Moreover, some spiritual writers believe that the angels reveal to the poor souls the identities of those who are praying for them on earth so that, in reciprocal fashion, the holy souls can pray for them.
As St. Augustine tells us: “The departed may be informed by the angels of things happening in the world, insofar as this is permitted by Him to Whose judgment everything is subject.”
Some saints have even "visited" purgatory (via mystical experiences or spiritual bilocation) and witnessed for themselves the close relationship between the poor souls and their angels. St. Margaret Mary Alacoque wrote that during her experience she saw:
" . . . an immense space filled with flames and glowing coals and, amid these, a great number of poor souls in human form, raising their hands to Heaven and imploring mercy. But all the while their Guardian Angels were at their side, inspiring them with courage and comforting them in the most tender manner." (The Guardian Angels, Our Heavenly Companions, 1956)
St. Lydwine was also shown purgatory, having "flown" there on several occasions in the accompaniment of her own guardian angel. On one of her visits she saw a sad-looking angel keeping company the soul of a man who had been languishing there for twelve years.

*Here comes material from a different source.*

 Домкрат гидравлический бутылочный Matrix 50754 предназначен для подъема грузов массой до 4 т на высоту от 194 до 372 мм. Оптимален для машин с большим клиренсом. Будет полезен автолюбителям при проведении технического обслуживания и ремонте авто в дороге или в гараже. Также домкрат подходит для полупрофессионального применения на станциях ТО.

When Lydwine "returned" to her earthly surroundings, she immediately offered her physical sufferings for the soul of that man. Several days later, the man's angel appeared to her. No longer sad-looking, the angel joyously declared that the man had been freed from purgatory, thanks to Lydwine's sacrificial acts.

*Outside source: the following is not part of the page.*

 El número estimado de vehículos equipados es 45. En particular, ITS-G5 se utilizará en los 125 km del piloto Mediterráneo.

And what about that last part? The "get out of jail" part? Well, the language in this passage is a little old-fashioned, but it gets the point across nicely:
"As soon as the hour of release has struck for one of the suffering souls, the Guardian Angel of that happy soul is commissioned by God to descend into Purgatory, to open the doors of its prison and to lead the delivered soul without delay into the eternal habitations of Paradise. The good Angel descends with the rapidity of lightning into the dismal prison of pain to carry out the work of release because his love for his cherished ward urges him to liberate the Poor Soul and to lead it to the sight and possession of God. The Guardian Angel is often accompanied by other Angels or by a whole multitude of Angels, and then the entrance of the released soul is truly a triumphant one." (ibid)
It is worth remembering that our Tradition also teaches that those of us who had the most devotion to our guardian angels on earth will have the most assistance from them in purgatory.